Never put secrets (passwords, API keys, private keys) directly in IaC files. They get committed to Git history forever and are trivial to leak. Use a secrets tool such as Ansible Vault, HashiCorp Vault, or your cloud’s secrets manager, and reference the secret rather than pasting it.
When to use IaC (and when not to)
Use IaC when you have more than one server, when a team shares the infrastructure, when you must rebuild reliably after a failure, or when changes need review and an audit trail. That is almost every real production system.
You can skip it for a throwaway experiment on a single box you will delete tomorrow, or while you are still learning a tool by hand for the first time. Even then, writing down the commands in a script is a cheap first step toward full IaC.
Best practices
- Keep all IaC files in Git, and make every change through a reviewed pull request rather than editing live servers.

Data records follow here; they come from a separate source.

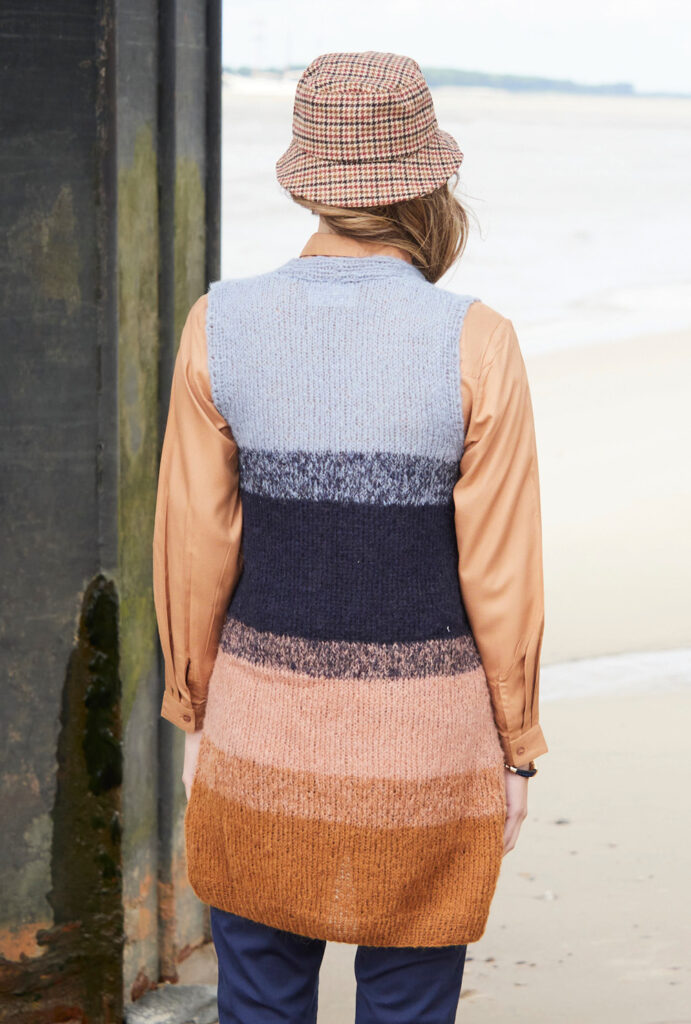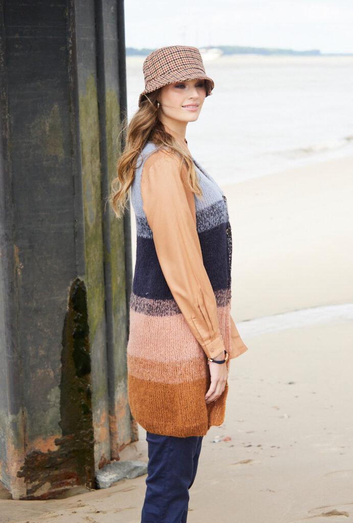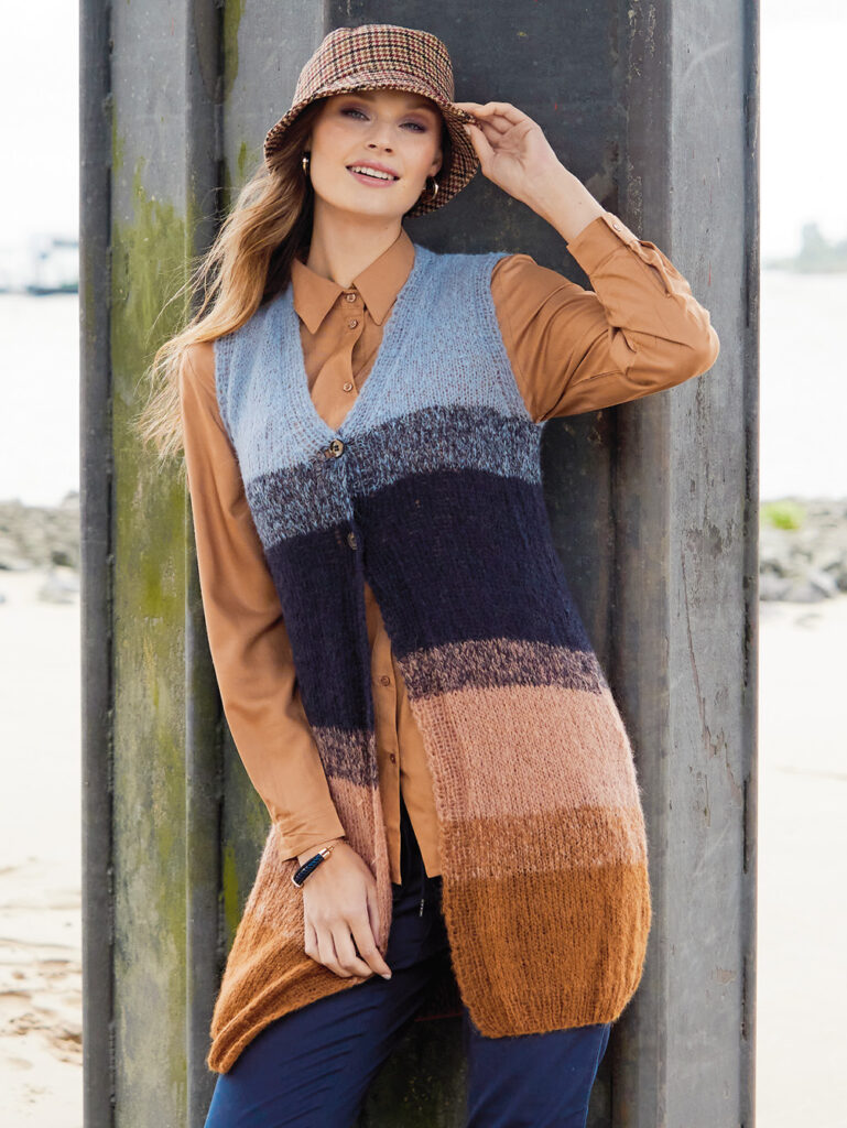 Diese lange, nach oben hin schmaler werdende Weste passt sich jedem Look an – hübsch zur Bluse, lässig-cool zum Rolli mit engen Jeans. Zudem ist sie federleicht durch das Schurwolle-Alpaka-Mischgarn und lässt etwaige Pölsterchen um die Hüfte dezent verschwinden. Die ganze Weste wird doppelfädig mit 5er Nadeln gearbeitet und an den Übergängen von einer Farbe zur anderen mit jeweils einem Faden beider Farben, sodass ein Melangeeffekt entsteht. Es braucht lediglich zwei Knöpfe, um die Weste in Brusthöhe zu schließen. Die Anleitung gibt es für die Größen 36 – 40 und 42 – 46 sowie 48/50.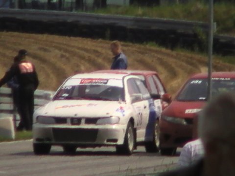 Jeg startede ud med at køre klassens hurtigste tid under tidtagning, så det var rigtig godt. Desværre måtte jeg så udgå i 1. indledende pga. defekt trækaksel, så nu skulle der køres 2 rigtig hurtige tider. I 2. indledende satte jeg 2. hurtigste tid i klassen, men i 3. indledende kom jeg til at rulle lidt på starten, det udløste en tyvstart, dvs. 3 sek. oveni min tid. Så skulle der køres TIL, det kunne også ses da jeg kom i ryttergården og mekanikerne måtte igang....ny sporstang, ny bærearm og lidt gaffatape, så var jeg kørende igen. Nå, men anstrengelserne gav mig 4. hurtigste totaltid i klassen og direkte i a-finalen, hvor jeg endte på 5. pladse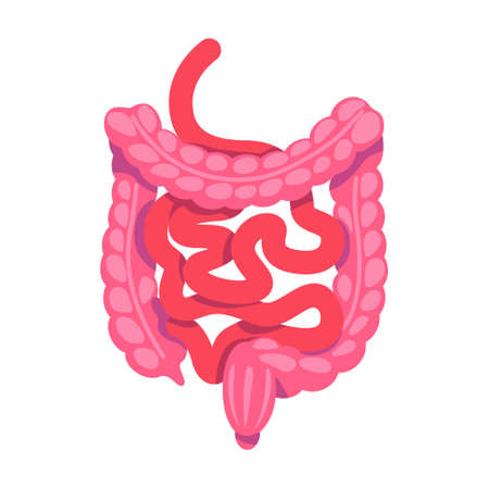 Guts semi flat color vector object. Digestive system. Full sized item on white. human organ anatomy. internal organ. Simple cartoon style illustration for web graphic design and animation

- Treat servers as cattle, not pets — rebuild them from code instead of hand-fixing them, so no snowflakes form.
- Store secrets in a dedicated secrets manager, never in the repository.
- Run your IaC the same way in every environment (dev, staging, production) so behaviour stays consistent.
- Pin tool and provider versions so a surprise upgrade does not change your infrastructure unexpectedly.
- Use provisioning tools (Terraform) to build resources and configuration tools (Ansible) to set them up, and let each do its own job.